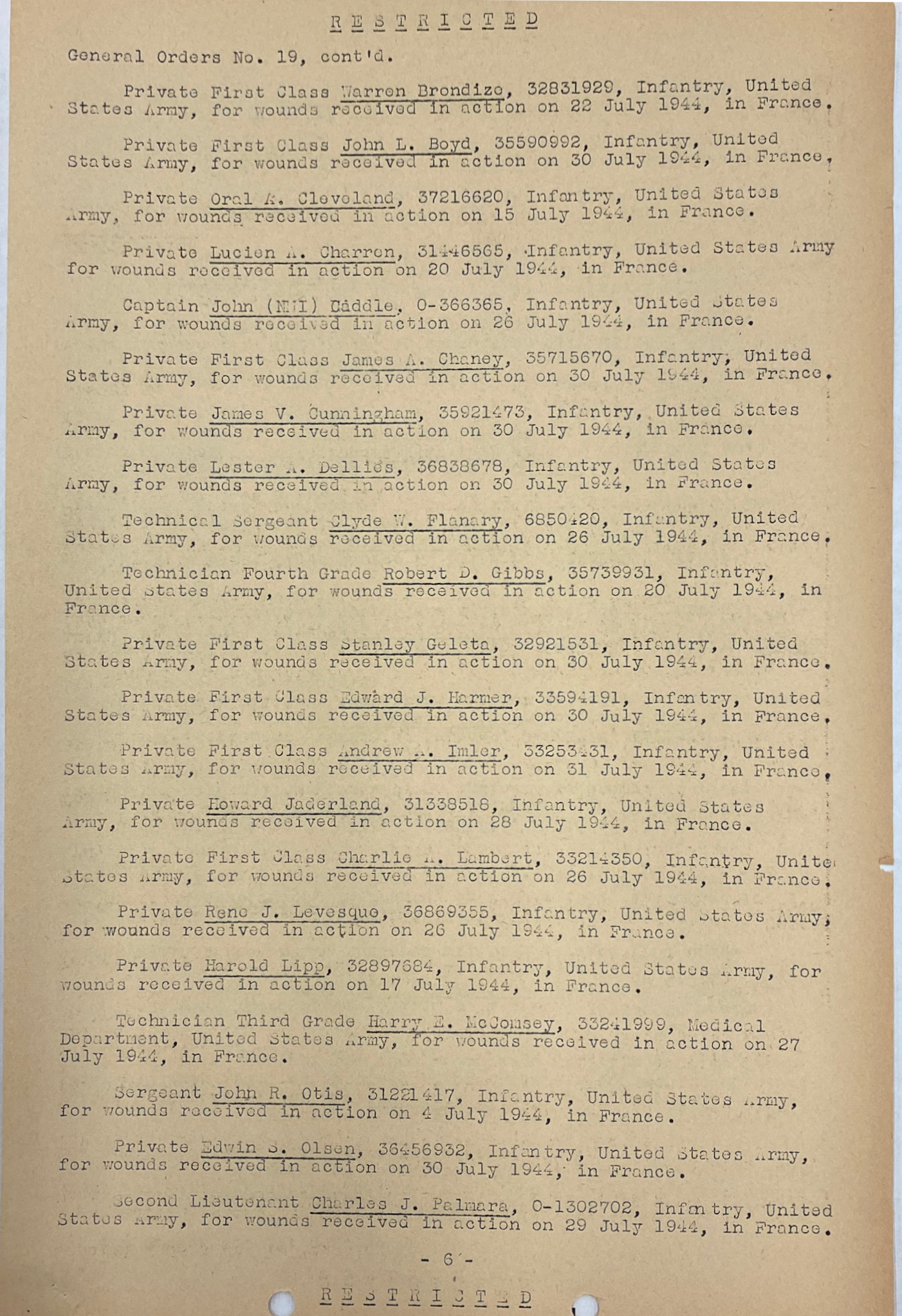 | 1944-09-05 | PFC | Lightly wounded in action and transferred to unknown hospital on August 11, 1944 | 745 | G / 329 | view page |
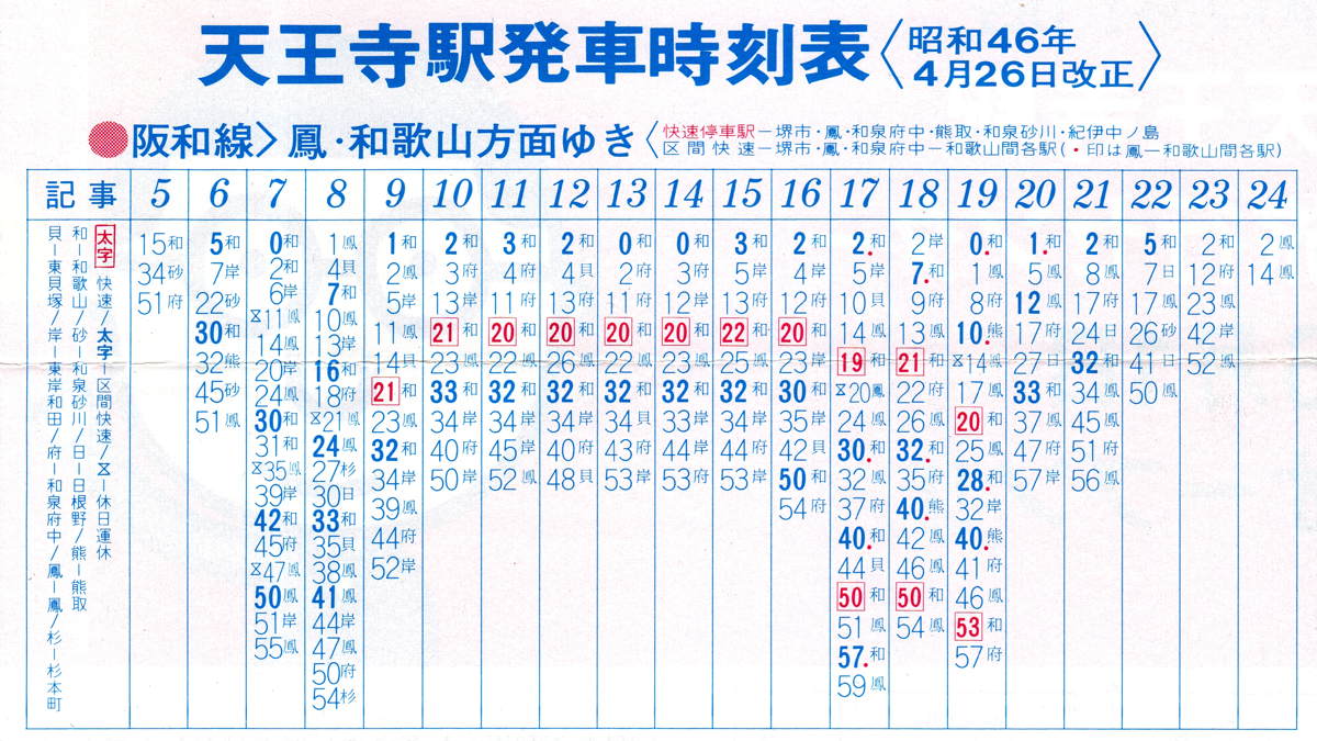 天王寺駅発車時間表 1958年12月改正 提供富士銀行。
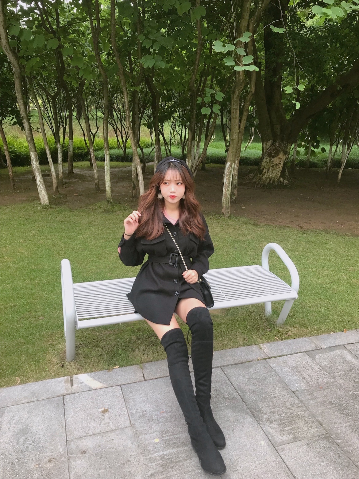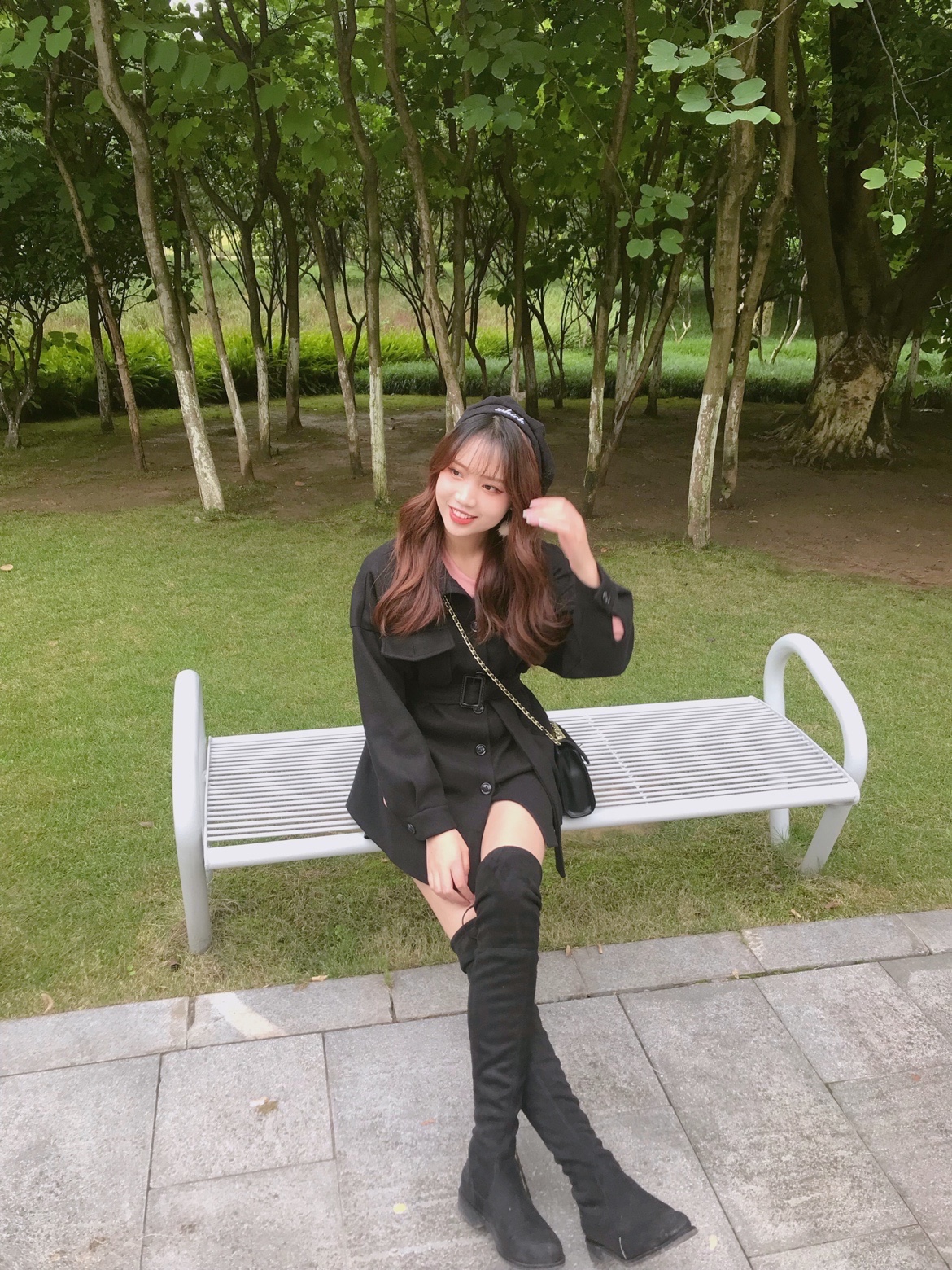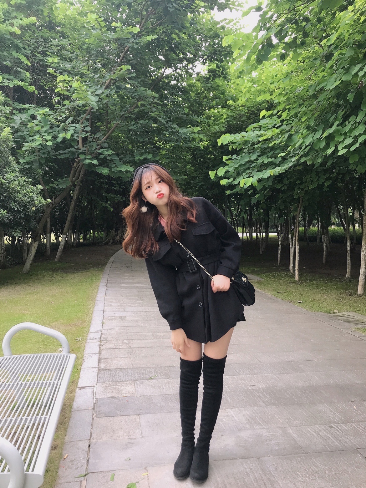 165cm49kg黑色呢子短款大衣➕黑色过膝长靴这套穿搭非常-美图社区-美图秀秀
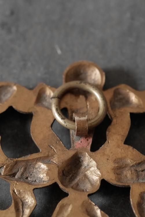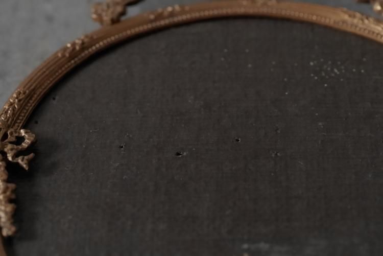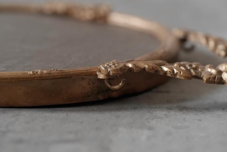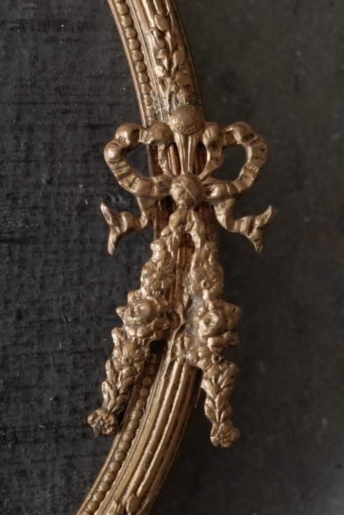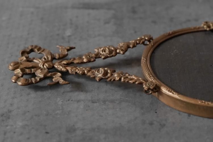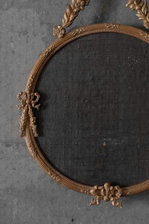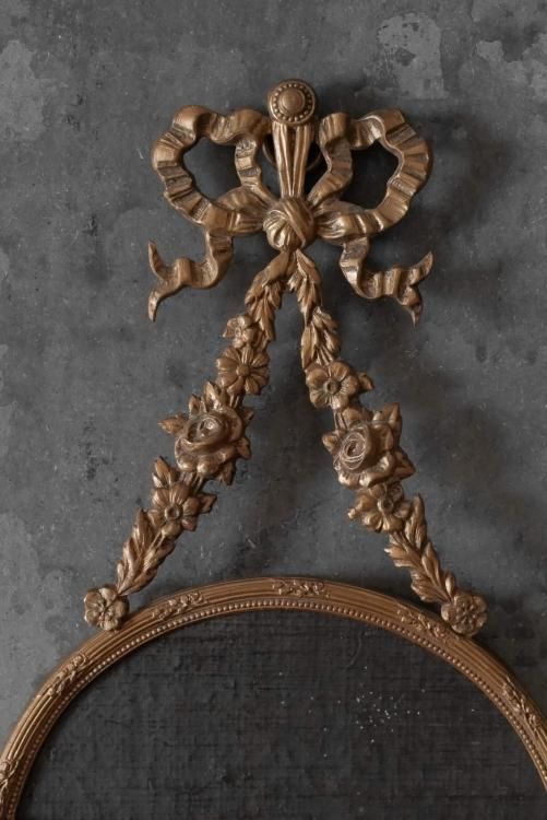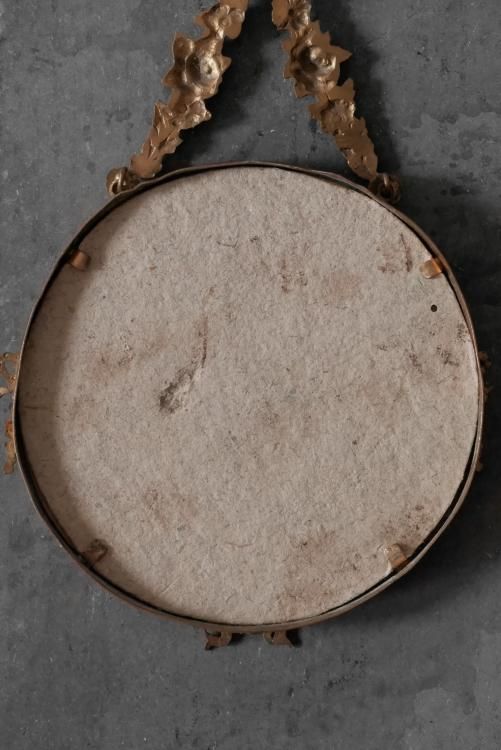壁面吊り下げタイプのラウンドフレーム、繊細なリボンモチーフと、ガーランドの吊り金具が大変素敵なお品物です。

What needs to be done: Output only the lines that run from the line containing "天王寺駅発車時間表 1958年12月改正 提供富士銀行。" to the last line of the data, exactly as they stand and without pictures.

Task result:
 天王寺駅発車時間表 1958年12月改正 提供富士銀行。
 165cm49kg黑色呢子短款大衣➕黑色过膝长靴这套穿搭非常-美图社区-美图秀秀
壁面吊り下げタイプのラウンドフレーム、繊細なリボンモチーフと、ガーランドの吊り金具が大変素敵なお品物です。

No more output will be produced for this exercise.